▶ **Extracted data**
Segment Open

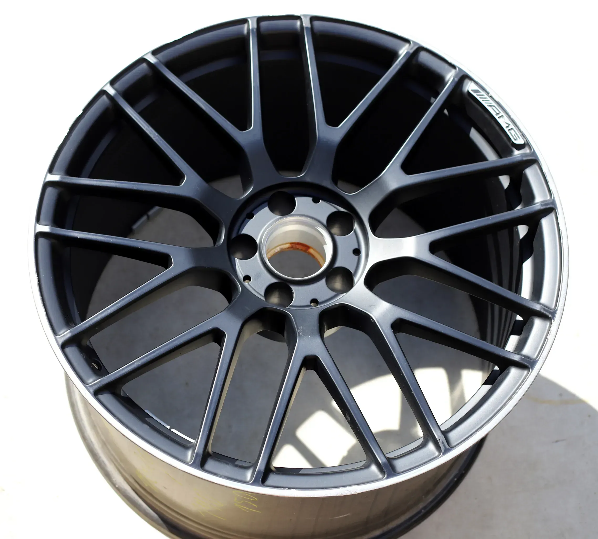 Originale AMG Alufelge mit Gebrauchsspuren an der Front. Ideal als Ersatzfelge oder zum Aufbereiten geeignet. Der Rundlauf wurde auf der Wuchtmaschine festgestellt.Original:
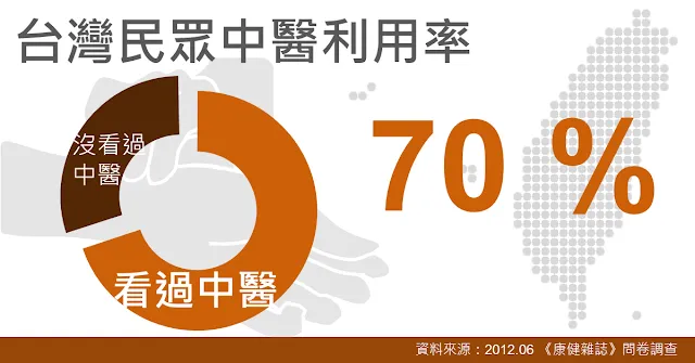 根據2012年康健雜誌的問卷調查,台灣大約每 10 位民眾中就有 7 個人看過中醫,而且接近七成的西醫不排斥民眾看中醫吃中藥。另外也有幾篇研究,台灣人使用中醫的比例相當高[註1、2、3、4 ],甚至在歐美的統計資料,也有 20 ~ 60 % 的民眾選擇整合及替代醫療,在歐美國家更蔚為風行。
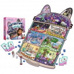 Detektywistyczna przygoda dla dzieci i rodziców osadzona w uwielbianym świecie Kociego domku Gabi. Gra Detektyw Miau opiera się na szybkiej orientacji, wspólnym podejmowaniu decyzji i uważnym obserwowaniu detali na dużej planszy. Waszym celem jest odnaleźć właściwe tropy i powstrzymać psotnika, zanim będzie za późno.
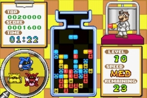 Im Vergleich zum Original gibt es jetzt sowohl mehr fürs Auge als auch für den Zeitvertreib: Optisch bietet das Game in erster Linie putzig animierte Erreger und einen niedlich zappelnden Mario im Arztlook. Ausholender sind da schon die Features: Der klassische Einzelspielermodus bietet 20 Levels, in je drei Schwierigkeitsgrade unterteilt, in denen ihr nur die Viren beseitigen müsst. Ihr dürft allerdings auch gegen den einstellbaren Computergegner antreten oder ein rasantes »Blitz«-Spiel gegen spezielle Viren wagen. Interessanter wird das Ganze natürlich zu zweit: Per Link-Kabel geht’s klassisch oder blitzig gegen einen Freund, dem ihr auch eine Demo schicken könnt. Dr. Mario bezieht seinen Reiz nicht aus der Fassade, sondern aus dem fesselnden Spielprinzip, welches genau wie bei Tetris auf Stress, Chaos und herrliche Hektik setzt – man bekommt natürlich immer im ungünstigsten Moment das falsche Teil zugeschmissen. Freunde des Originals freuen sich außerdem über beschwingte Remixes der bekannten Melodien sowie zwei frische Rhythmen.
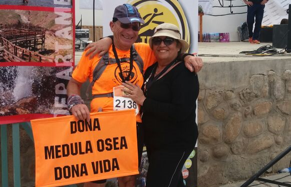 Su primera carrera fueron 7 kilómetros y a partir de ese momento se le ocurrió utilizar una bandera con el mensaje: “Dona Médula Ósea, Dona Vida”. “Fue una manera de colaborar con mi señora, mostrando la frase para que se visibilice la donación y llegué a jóvenes y adultos”.
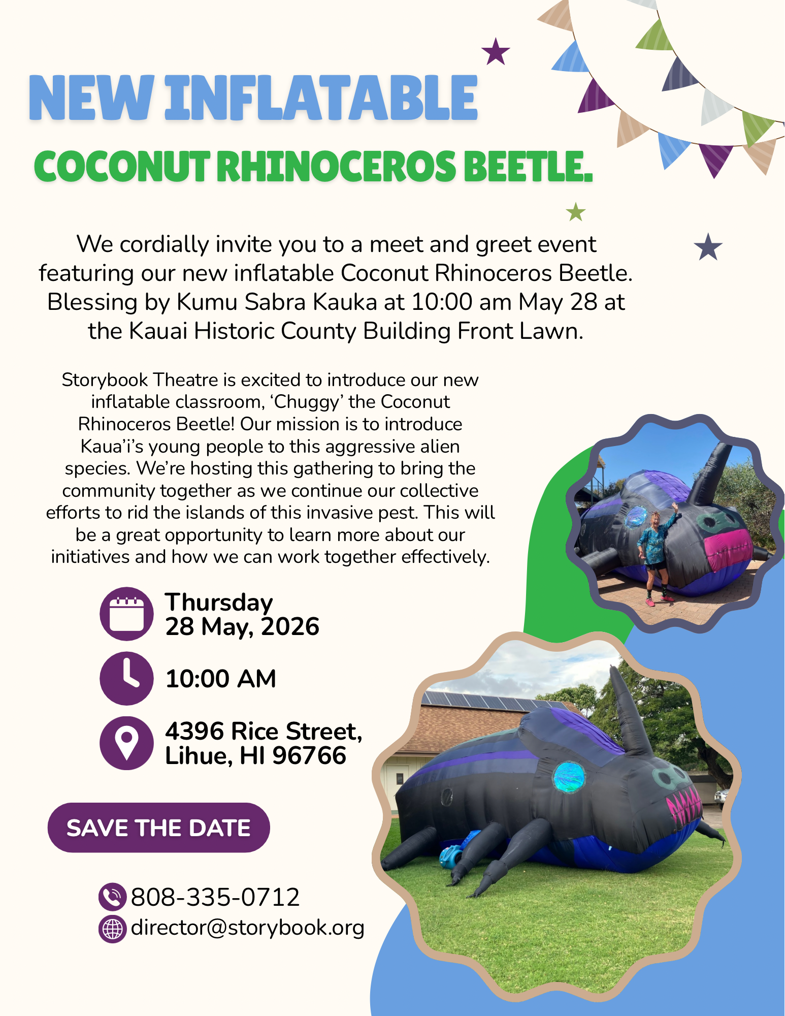 Blessing by Kumu Sabra Kauka 10:00 am, May 28 Kauai Historic County Building Front Lawn Storybook Theatre is excited to introduce our new inflatable classroom, “Chuggy” the Coconut Rhinoceros Beetle! Our mission is to introduce Kaua’i’s young people to this aggressive alien species. We are hosting this gathering to bring the community together as we continue our collective efforts to eradicate this invasive pest. This will be an excellent opportunity to learn more about our initiatives and how we can collaborate effectively.
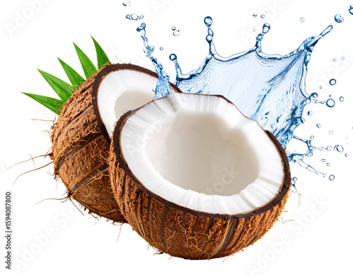 Realistic Splashing Coconut Water with Half Coconut
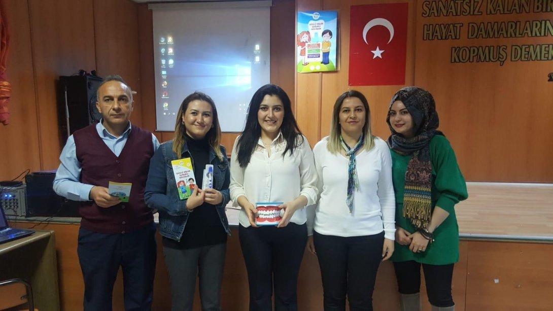 Bilimsel diş hekimliği eğitiminin 22 Kasım 1908'de başlaması nedeniyle ülkemizde her yıl 22 Kasım günü Diş Hekimleri Günü, 22 Kasımı içine alan hafta Ağız ve Diş Sağlığı haftası olarak kutlanmaktadır. Sağlık, bireyin fiziksel, zihinsel ve sosyal açıdan tam bir iyilik halidir. Bireylerin fiziksel sağlığı ise vücuttaki tüm organ ve dokuların sağlıklı olması ile mümkündür. Bu nedenledir ki ağız ve diş sağlığını bozan faktörler bireyin vücut sağlığını da doğrudan etkilemekte, diş çürükleri ile dişeti hastalıkları; kalp-damar hastalıkları, yüksek tansiyon, kemik erimesi, şeker hastalığı, mide rahatsızlığı gibi pek çok hastalığa neden olamktadır. Toplumumuzu ağız ve diş sağlığı konusunda bilinçlendirmek için eğitim şarttır. Eğitime özellikle küçük yaşlarda başlanmalı, ağız ve diş bakımını alışkanlık haline getirmelidir. Bu konuda öğretmenlerimize, anne ve babalara ve sağlık kuruluşlarına önemli görevler düşmektedir.Bu kapsamda bugün Prof. Dr. Erol Güngör İlkokulunda 3. sınıf öğrencilerine Ağız diş sağlığı eğitimi verildi, öğrencilerimize İl Sağlık Müdürülüğünün göndermiş olduğu diş macunu ve diş fırçalarını dağıtttık .İl Sağlık Müdürülüğüne ve Diş Hekimi Ebru AYDEMİR KILIÇASLAN' a destekleri için teşekkür ederiz.
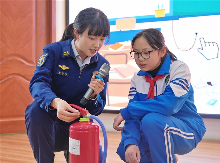 学校师生在消防员指导下体验灭火器扑灭初起火灾。肖暄 摄
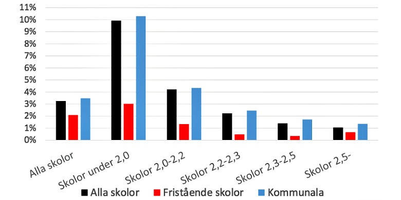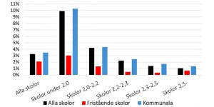 I nuläget kan inte friskolor med kö ta emot nyanlända. 80 procent av de kommunala skolorna har i dag tagit emot nyanlända. 63 procent av friskolorna har gjort detsamma. Och skolorna med bäst förutsättningar tar bara in ett fåtal nyanlända elever.
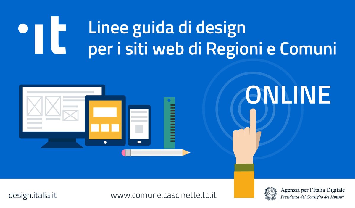 Da oggi è on line il nuovo sito web del Comune di Cascinette d'Ivrea realizzato secondo le Linee Guida di design per i siti web della PA.
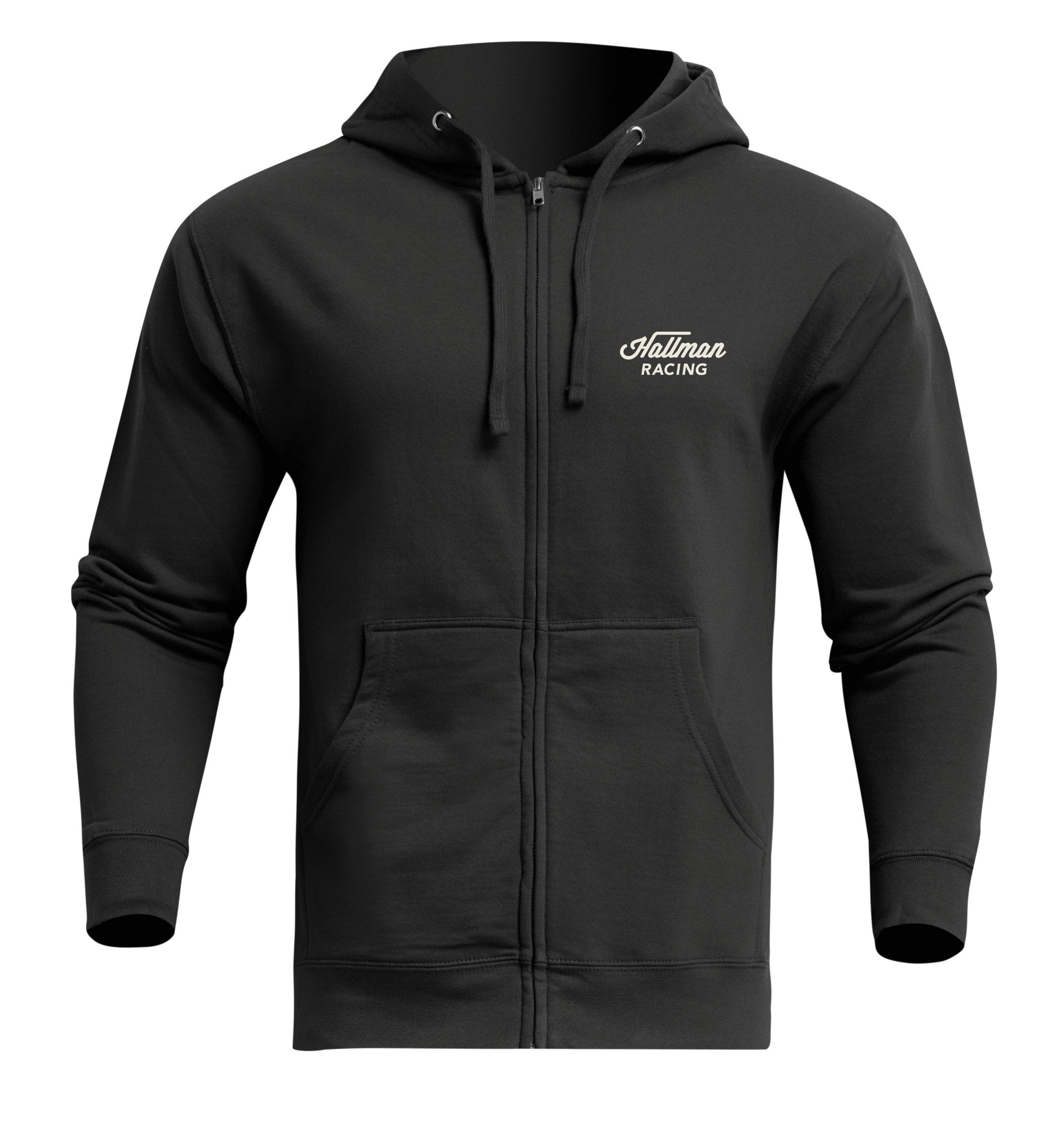 Midweight zip-up hooded sweatshirt with screen printed graphics.

Segment Closed

Please print, exactly as given, the lines running from the beginning of the listing through the line containing "根據2012年康健雜誌的問卷調查,台灣大約每 10 位民眾中就有", omitting each picture.

 Originale AMG Alufelge mit Gebrauchsspuren an der Front. Ideal als Ersatzfelge oder zum Aufbereiten geeignet. Der Rundlauf wurde auf der Wuchtmaschine festgestellt.Original:
 根據2012年康健雜誌的問卷調查,台灣大約每 10 位民眾中就有 7 個人看過中醫,而且接近七成的西醫不排斥民眾看中醫吃中藥。另外也有幾篇研究,台灣人使用中醫的比例相當高[註1、2、3、4 ],甚至在歐美的統計資料,也有 20 ~ 60 % 的民眾選擇整合及替代醫療,在歐美國家更蔚為風行。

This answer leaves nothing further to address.